Woman rescues stray puppy, dies of rabies

Henrietta Brewer
May 13, 2019

Norwegian Birgitte Kallestad, 24, died on Monday night more than two months after coming into contact with the dog while travelling with friends.

Birgitte Kallestad, 24, was on holiday with friends when they found the puppy on a street, her family said in a statement.

She washed and groomed the puppy. According to her family, doctors couldn't initially determine what was the cause of her illness, despite several trips to the emergency room. She patched up and sterilized the wounds herself.

However, she gave up the ghost as doctors tried to treat her at the hospital where she had been working before she traveled. She had been admitted for a week before she died.

Of these, 31 have been vaccinated, according to local media.

But it was too late. She died on Monday night, eight days after being admitted to the hospital where she worked.

Her family said: 'Our dear Birgitte loved animals.
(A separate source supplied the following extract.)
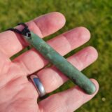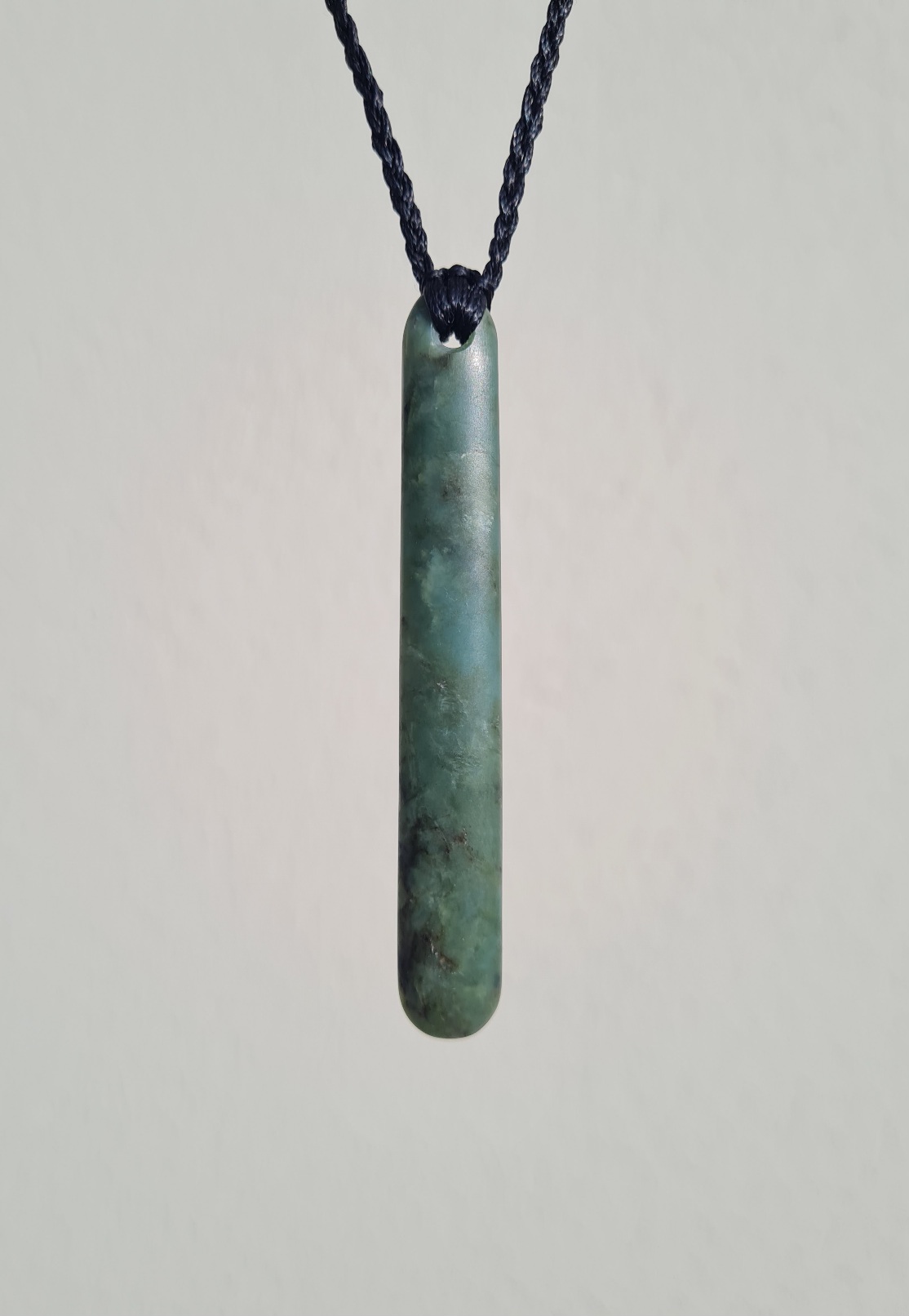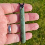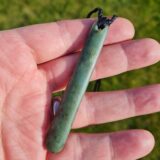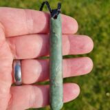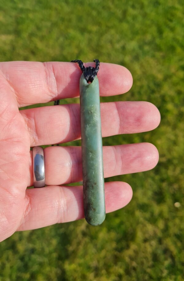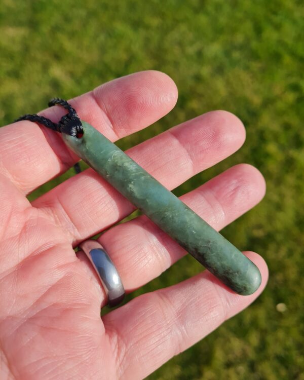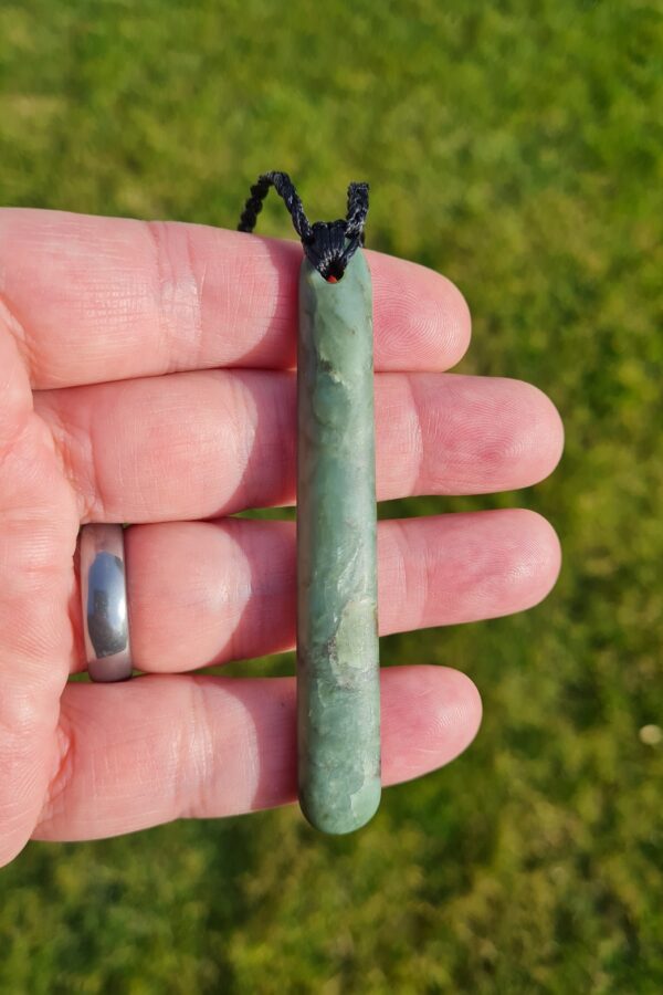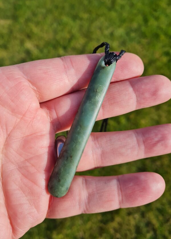 Lashed pounamu teardrop pendant 8.4cm long by 1.2cm wide.

We fear that this will happen to others as you have a big heart.

"We are very sympathetic with the family", Sir Feruglio, a Senior Medical Officer at the Institute, told the BBC. "This is a disease that's endemic in 150 countries and it's a huge health problem".
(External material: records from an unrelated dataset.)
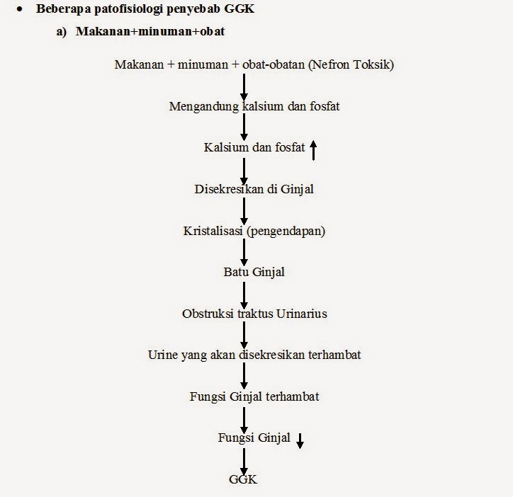 Gagal ginjal kronik ditandai dengan gejala dan tanda uremia yang berkepanjangan adalah hasil akhir semua penyakit ginjal kronik robbins 2007 572. Gagal ginjal kronik merupakan kegagalan fungsi ginjal unit nefron yang berlangsung perlahan lahan karena penyebab berlangsung lama dan menetap yang mengakibatkan penumpukan sisa metabolit toksin uremik sehingga ginjal tidak dapat memenuhi kebutuhan biasa lagi dan menimbulkan gejala sakit hudak gallo 1996. Dimana kemampuan tubuh gagal untuk mempertahankan metabolisme dan keseimbangan cairan dan elektrolit menyebabkan uremia retensi urea dan sampah nitrogen lain dalam darah kmb vol 2 hal 1448.
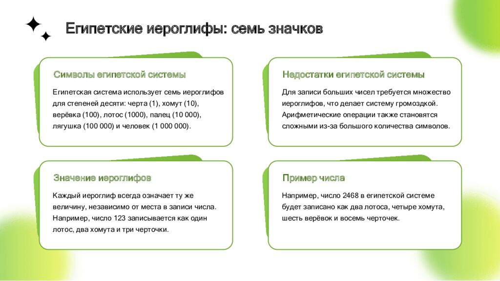 Символы египетской системы Египетская система использует семь иероглифов для степеней десяти: черта (1), хомут (10), верёвка (100), лотос (1000), палец (10 000), лягушка (100 000) и человек (1 000 000). Недостатки египетской системы Для записи больших чисел требуется множество иероглифов, что делает систему громоздкой. Арифметические операции также становятся сложными из-за большого количества символов. Значение иероглифов Каждый иероглиф всегда означает ту же величину, независимо от места в записи числа. Например, число 123 записывается как один лотос, два хомута и три черточки. Пример числа Например, число 2468 в египетской системе будет записано как два лотоса, четыре хомута, шесть верёвок и восемь черточек. Египетские иероглифы: семь значков
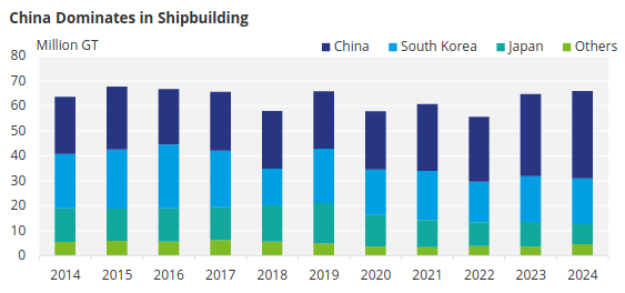 In return, China has paused its countermeasures against five US subsidiaries of Korean Hanwha Ocean, as well as its retaliatory port fees on US vessels docking in Chinese ports.
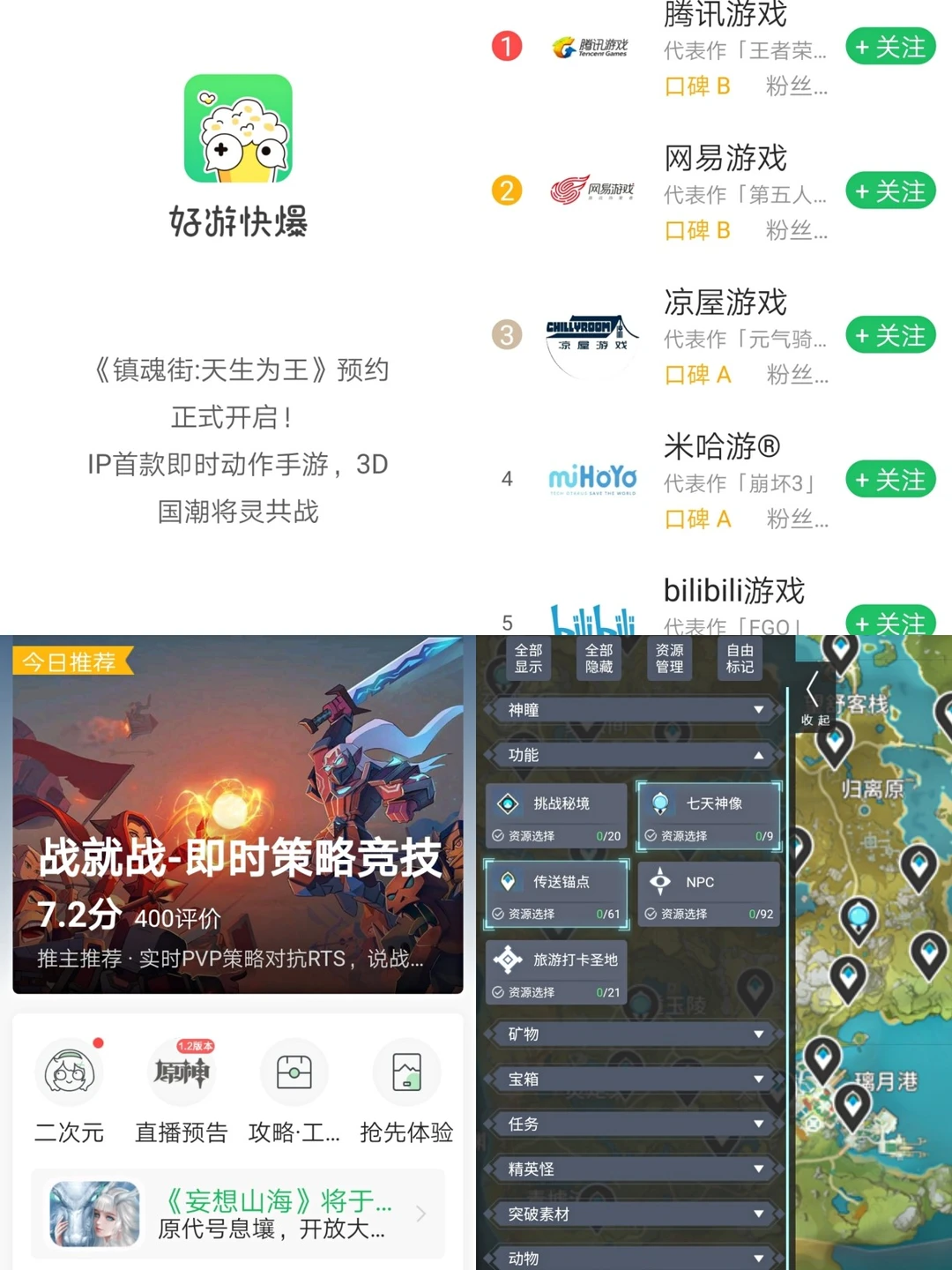 经常有安卓小伙伴说不知道在哪下载游戏,好游快爆就是一个选择。它的特点在于可以抢先内测很多新游,比如刚推荐的属性与生活3以及皮影京剧。另外,我发现它还是个原神地图资源查询器,可以帮玩原神的宝宝们看地图找资源。
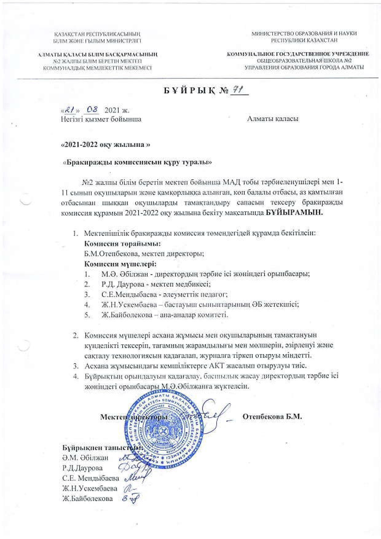 » Брокиражды комиссия құру туралы 2021-22 о.ж.
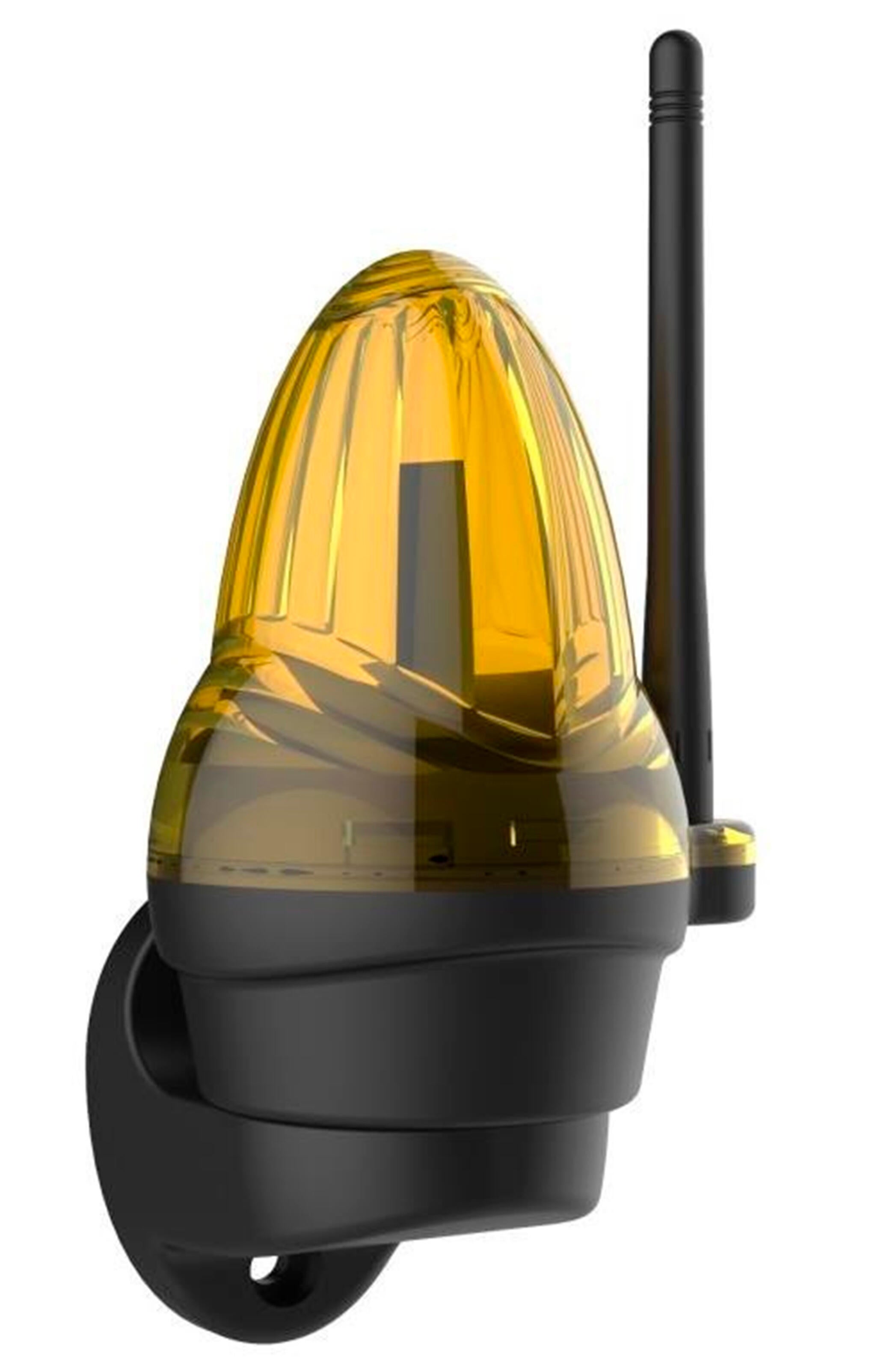 Lampara de señalizacion multitension con led, para indicar el movimiento de una puerta automatica. compatible con cualquier Motor que disponga de salida para lampara. seleccion luz fija o luz intermitente mediante microinterruptor. antena incorporada 433.92 mhz para conectarla a cuadros que dispongan de esa salida para ampliar el alcance de un mando.

There have been no cases of rabies in Norway for over 200 years.

Birgitte's friends who were on the trip and who were also in contact with the dog have been alerted and Norway's health trust has so far been in contact with 77 people who have been in contact with Birgitte.

Kallestad's family is now urging Norwegian authorities to include the rabies vaccine in the inoculation programme for the Philippines and other places where rabies can be contracted from animals.

Under Norwegian law, rabies vaccines are not compulsory.

No-one from Norway's public health body was immediately available for comment.

Filipino children play at a broken fishing boat in Manila Bay in Baseco, Tondo on July 8, 2017.

The disease kills thousands of people every year, mostly in Asia and Africa, where it is prevalent.

"The rabies virus infects the central nervous system, ultimately causing disease in the brain and death". (AFP/Getty Images) A stray dog in a file photo.